Below are the records; repeat exactly their lines between the line holding "onion, 3 cloves |" and the line holding "特約牙醫院所可至屏東縣政府衛", inclusive, skipping the pictures.
[[ EXCERPTED DATA, beginning ]]
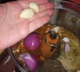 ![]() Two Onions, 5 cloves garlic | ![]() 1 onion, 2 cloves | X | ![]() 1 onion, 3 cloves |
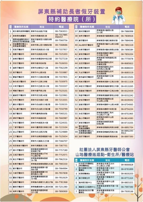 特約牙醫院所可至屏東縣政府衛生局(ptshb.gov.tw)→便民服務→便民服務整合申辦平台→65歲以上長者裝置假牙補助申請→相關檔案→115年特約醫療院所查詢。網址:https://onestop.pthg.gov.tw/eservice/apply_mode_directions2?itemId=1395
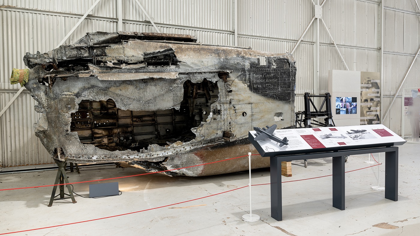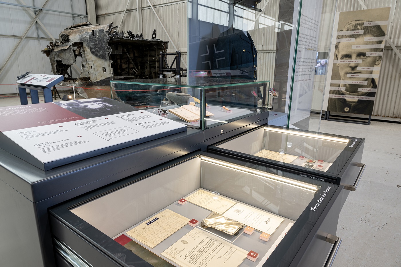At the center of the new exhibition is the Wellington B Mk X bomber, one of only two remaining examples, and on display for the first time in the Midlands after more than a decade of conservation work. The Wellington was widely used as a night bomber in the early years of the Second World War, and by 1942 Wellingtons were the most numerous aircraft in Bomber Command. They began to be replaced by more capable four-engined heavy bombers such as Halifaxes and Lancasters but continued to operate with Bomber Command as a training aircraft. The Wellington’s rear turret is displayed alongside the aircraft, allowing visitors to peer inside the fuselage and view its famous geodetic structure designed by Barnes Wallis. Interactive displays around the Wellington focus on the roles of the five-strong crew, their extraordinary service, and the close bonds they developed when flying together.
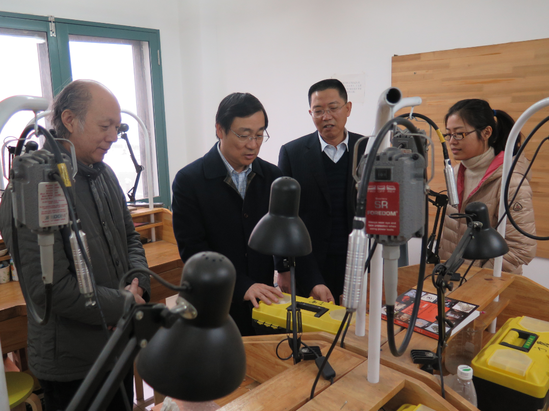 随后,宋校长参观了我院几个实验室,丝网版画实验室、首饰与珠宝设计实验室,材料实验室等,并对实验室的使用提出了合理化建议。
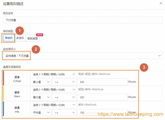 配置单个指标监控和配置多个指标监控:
[[ EXCERPTED DATA, end ]]
[[ EXCERPTED DATA, beginning ]]
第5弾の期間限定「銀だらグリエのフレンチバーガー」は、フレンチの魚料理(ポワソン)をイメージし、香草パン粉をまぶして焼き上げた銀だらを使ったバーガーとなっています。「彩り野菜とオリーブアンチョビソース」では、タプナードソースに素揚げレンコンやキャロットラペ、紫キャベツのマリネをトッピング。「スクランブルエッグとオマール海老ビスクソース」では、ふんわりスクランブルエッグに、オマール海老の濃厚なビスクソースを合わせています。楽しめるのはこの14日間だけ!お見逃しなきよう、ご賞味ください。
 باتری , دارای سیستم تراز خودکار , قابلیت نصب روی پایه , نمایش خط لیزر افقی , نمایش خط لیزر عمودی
[[ EXCERPTED DATA, end ]]
SOLUTION FOR THIS TASK:
 ![]() Two Onions, 5 cloves garlic | ![]() 1 onion, 2 cloves | X | ![]() 1 onion, 3 cloves |
 特約牙醫院所可至屏東縣政府衛生局(ptshb.gov.tw)→便民服務→便民服務整合申辦平台→65歲以上長者裝置假牙補助申請→相關檔案→115年特約醫療院所查詢。網址:https://onestop.pthg.gov.tw/eservice/apply_mode_directions2?itemId=1395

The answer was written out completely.